**EXERCISE DIRECTIONS:** In the material below, please retype the lines from the very first through the one with "Текстовыделитель Kores со", exactly and without pictures.

**DATA IN THIS EXERCISE:**
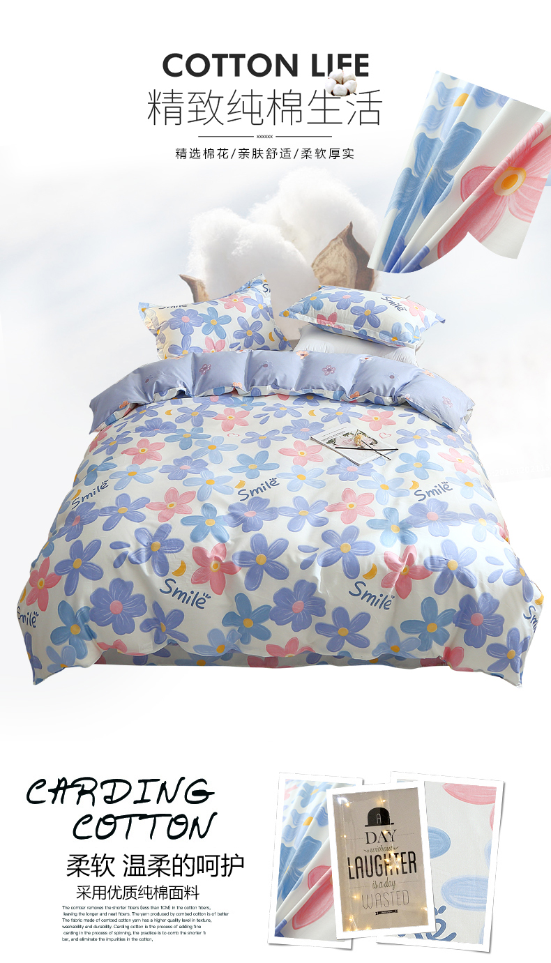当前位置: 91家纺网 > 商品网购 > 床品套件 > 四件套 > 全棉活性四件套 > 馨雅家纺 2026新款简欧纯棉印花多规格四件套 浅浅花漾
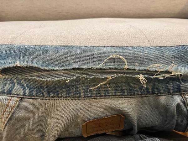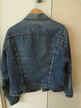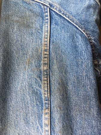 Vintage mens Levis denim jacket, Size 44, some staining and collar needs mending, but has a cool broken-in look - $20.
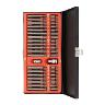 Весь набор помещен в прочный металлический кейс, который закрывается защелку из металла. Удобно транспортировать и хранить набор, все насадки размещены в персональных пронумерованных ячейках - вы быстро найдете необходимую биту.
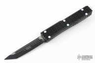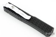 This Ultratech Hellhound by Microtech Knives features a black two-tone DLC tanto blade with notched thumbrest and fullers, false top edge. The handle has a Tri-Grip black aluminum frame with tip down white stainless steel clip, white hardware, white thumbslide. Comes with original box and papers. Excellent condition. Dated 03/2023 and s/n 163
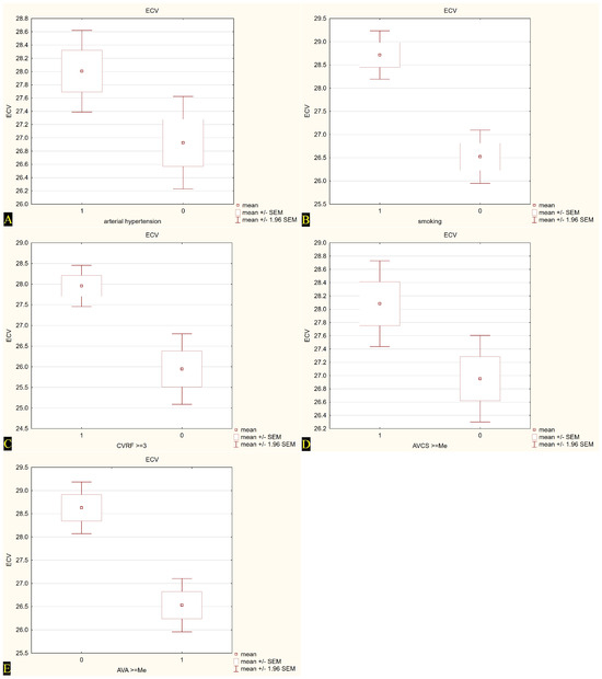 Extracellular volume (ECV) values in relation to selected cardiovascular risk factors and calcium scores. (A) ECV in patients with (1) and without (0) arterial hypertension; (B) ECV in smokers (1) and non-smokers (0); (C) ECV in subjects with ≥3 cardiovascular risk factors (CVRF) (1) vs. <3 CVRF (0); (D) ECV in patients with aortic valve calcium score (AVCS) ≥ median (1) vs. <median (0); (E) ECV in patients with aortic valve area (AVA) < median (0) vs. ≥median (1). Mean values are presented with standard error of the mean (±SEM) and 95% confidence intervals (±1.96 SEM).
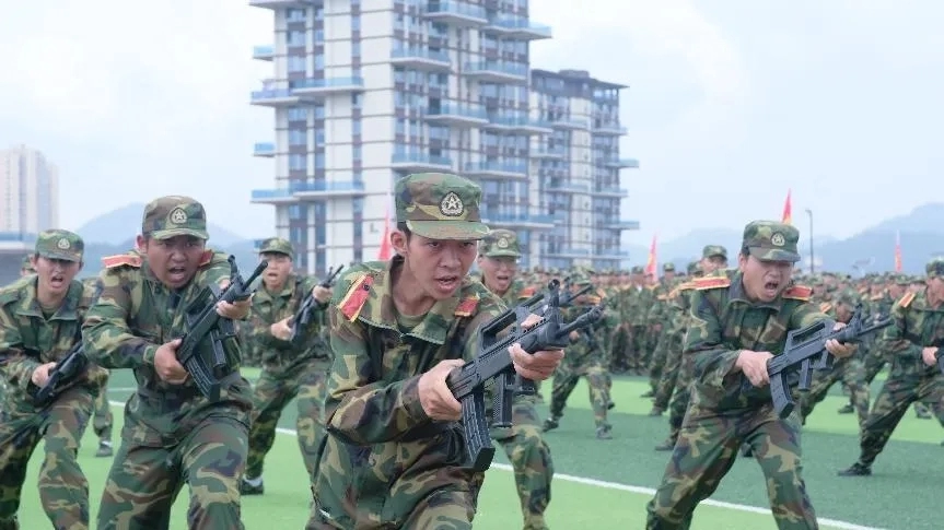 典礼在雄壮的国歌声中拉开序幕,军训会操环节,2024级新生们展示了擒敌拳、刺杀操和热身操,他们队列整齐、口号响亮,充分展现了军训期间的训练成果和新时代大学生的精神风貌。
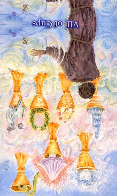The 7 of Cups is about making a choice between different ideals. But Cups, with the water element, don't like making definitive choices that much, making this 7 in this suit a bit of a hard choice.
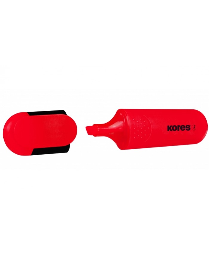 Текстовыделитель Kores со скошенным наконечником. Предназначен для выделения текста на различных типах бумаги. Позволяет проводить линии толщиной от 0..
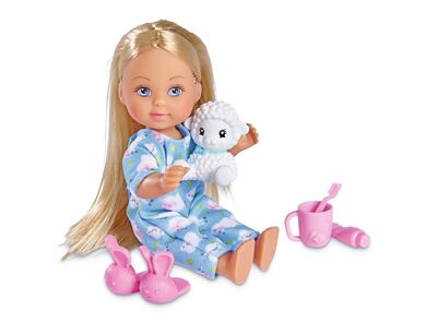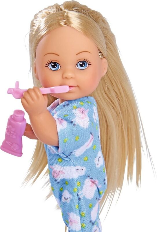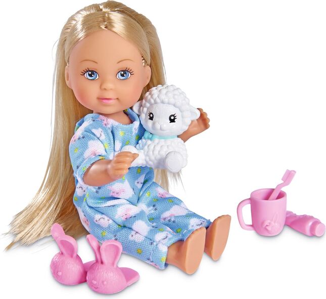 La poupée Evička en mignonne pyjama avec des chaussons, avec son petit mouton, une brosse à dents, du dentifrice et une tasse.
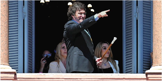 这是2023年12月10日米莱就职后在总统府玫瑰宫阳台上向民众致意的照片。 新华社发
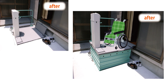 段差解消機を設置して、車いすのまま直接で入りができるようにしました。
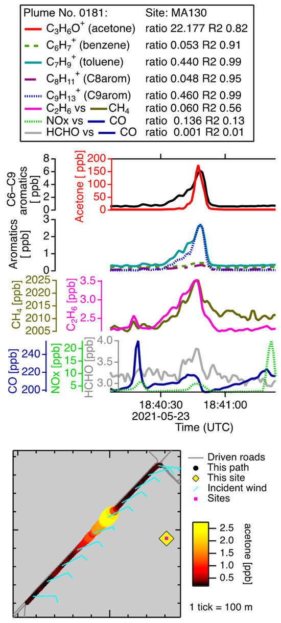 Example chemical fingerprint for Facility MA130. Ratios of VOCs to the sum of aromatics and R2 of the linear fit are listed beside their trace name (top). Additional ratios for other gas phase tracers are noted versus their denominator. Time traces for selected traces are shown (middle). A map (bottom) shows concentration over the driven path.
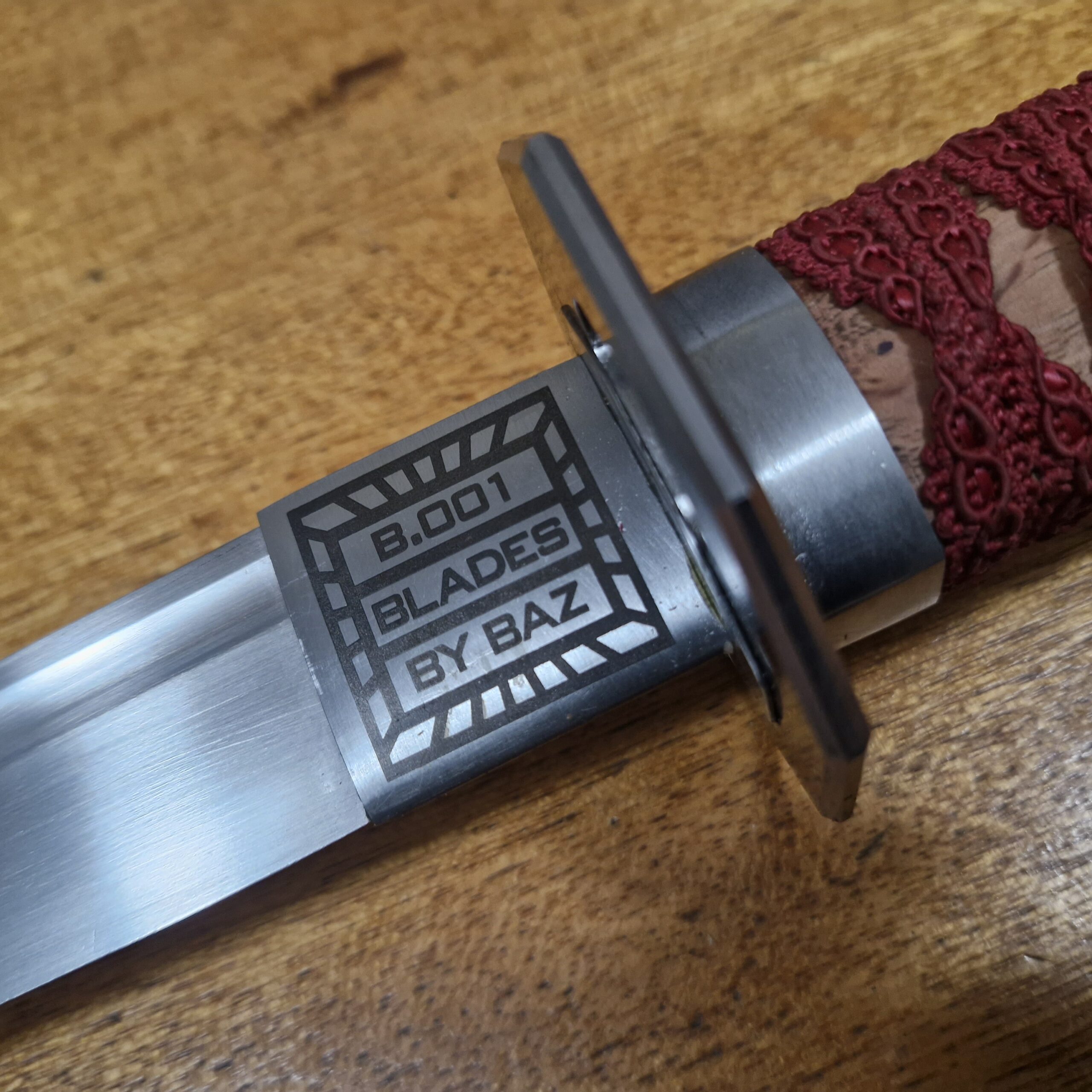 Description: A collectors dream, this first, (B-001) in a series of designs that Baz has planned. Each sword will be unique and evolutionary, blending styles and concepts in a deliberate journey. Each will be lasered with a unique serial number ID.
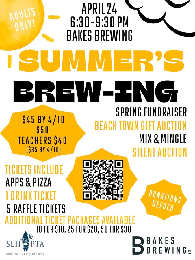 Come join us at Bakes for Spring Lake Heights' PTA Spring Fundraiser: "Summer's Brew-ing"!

**YOUR SOLUTION:**
当前位置: 91家纺网 > 商品网购 > 床品套件 > 四件套 > 全棉活性四件套 > 馨雅家纺 2026新款简欧纯棉印花多规格四件套 浅浅花漾
 Vintage mens Levis denim jacket, Size 44, some staining and collar needs mending, but has a cool broken-in look - $20.
 Весь набор помещен в прочный металлический кейс, который закрывается защелку из металла. Удобно транспортировать и хранить набор, все насадки размещены в персональных пронумерованных ячейках - вы быстро найдете необходимую биту.
 This Ultratech Hellhound by Microtech Knives features a black two-tone DLC tanto blade with notched thumbrest and fullers, false top edge. The handle has a Tri-Grip black aluminum frame with tip down white stainless steel clip, white hardware, white thumbslide. Comes with original box and papers. Excellent condition. Dated 03/2023 and s/n 163
 Extracellular volume (ECV) values in relation to selected cardiovascular risk factors and calcium scores. (A) ECV in patients with (1) and without (0) arterial hypertension; (B) ECV in smokers (1) and non-smokers (0); (C) ECV in subjects with ≥3 cardiovascular risk factors (CVRF) (1) vs. <3 CVRF (0); (D) ECV in patients with aortic valve calcium score (AVCS) ≥ median (1) vs. <median (0); (E) ECV in patients with aortic valve area (AVA) < median (0) vs. ≥median (1). Mean values are presented with standard error of the mean (±SEM) and 95% confidence intervals (±1.96 SEM).
 典礼在雄壮的国歌声中拉开序幕,军训会操环节,2024级新生们展示了擒敌拳、刺杀操和热身操,他们队列整齐、口号响亮,充分展现了军训期间的训练成果和新时代大学生的精神风貌。
The 7 of Cups is about making a choice between different ideals. But Cups, with the water element, don't like making definitive choices that much, making this 7 in this suit a bit of a hard choice.
 Текстовыделитель Kores со скошенным наконечником. Предназначен для выделения текста на различных типах бумаги. Позволяет проводить линии толщиной от 0..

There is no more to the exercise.